The NO adsorption capacity of Pd/SSZ-13 catalysts after 1 h adsorption of NO (fully adsorbed) was also evaluated. The maximum Pd to NO molar ratios were 0.58 and 0.41 for Pd(1)/SSZ-13 and Pd(2)/SSZ-13 catalysts, respectively (Table 3). The higher portion of Pd species in the Pd(1)/SSZ-13 catalyst appears to be able to participate in the PNA capability more than in the Pd(2)/SSZ-13 catalyst. This can be understood by the fact that clustered PdO species that do not chemisorb NO under the conditions used in this study are present in Pd(2)/SSZ-13 but not in the Pd(1)/SSZ-13 catalyst. Also, despite the absence of clustered PdO species in Pd(1)/SSZ-13, the maximum NO to Pd molar ratio was less than 1. This indicates that some Pd species in SSZ-13 cannot chemically adsorb NO even in the cationic state. A recent DFT study by Mei et al. also highlighted the various chemical states that the Pd species in BEA zeolite can have, and the different reactivities of the Pd species to the adsorption of NO.43 Last, in Table 3, it could be observed that only 33% of the available Pd species in SSZ-13 could be exploited when exposed to 100 ppm of NO for 100 s. This may indicate that the reactivity of Pd species in SSZ-13 should be improved to chemisorb NO more swiftly to achieve a better PNA ability.

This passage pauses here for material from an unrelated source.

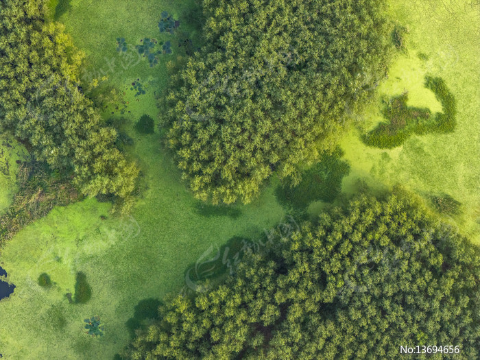 航拍绿意森林湿地

Table 3 Comparison between the amount of chemisorbed NO and the amount of Pd species loaded on SSZ-13
Catalysts (750C HTA) (α) NO adsorbed (100 s) (μmol g−1) (β) NO adsorbed (1 h) (μmol g−1) NO to Pd molar ratio (100 s) NO to Pd molar ratio (1 h) α/β
Pd(1)/SSZ-13 (35) 18.0 54.2 0.19 0.58 0.33
Pd(2)/SSZ-13 (35) 25.4 77.0 0.14 0.41 0.33


Before discussing the relationship between the Pd–zeolite interaction and the PNA ability, the origin of each NOx desorption peak of Pd/ZSM-5 and Pd/SSZ-13 catalysts should be discussed. Both catalysts showed two NOx desorption peaks in a similar temperature range: one below 300 °C and the other above 300 °C. Atomically dispersed cationic Pd species (Pd2+) would be the NO adsorption sites in the Pd/SSZ-13 catalysts,30,44 but atomically dispersed PdO and Pd2+ would contribute to the low and high temperature NOx desorption peaks of Pd/ZSM-5 catalysts, respectively, because a considerable amount of NO2 desorption was observed at the low temperature desorption peak of Pd/ZSM-5 (Fig. S9).31

3.2 Investigation of the Pd–zeolite interactions by the auto-reduction technique

The behavior of the Pd species in SSZ-13 seems surprising, considering that the presence of water facilitated the aggregation of Pd species into PdO bulk in the Pd/ZSM-5 catalyst, as observed in the XRD patterns in Fig. 1 and the EXAFS spectra in Fig. 3. These opposite behaviors of the Pd species in ZSM-5 and SSZ-13 may be caused by the differences in the interaction between the Pd species and different kinds of zeolites. Such differences in the strength of interaction between Pd species and zeolites could be expected to cause differences in the mobility of Pd species in different kinds of zeolite. It has been reported that the vacuum treatment of the metal-exchanged zeolite catalysts leads to the auto-reduction of the cationic metals by the loss of the interaction with the framework Al species.45,46 Such treatment is known to reduce the cationic species, leading to metal sintering.47 Therefore, the strength of the interaction between the Pd species and different kinds of zeolites was investigated by performing vacuum treatment, and by observing the resultant Pd distributions. The Pd(2)/ZSM-5 (30) 750C and Pd(2)/SSZ-13 (35) 750C catalysts were thus vacuum-treated at 350 °C to compare the behavior of the Pd species in both zeolites.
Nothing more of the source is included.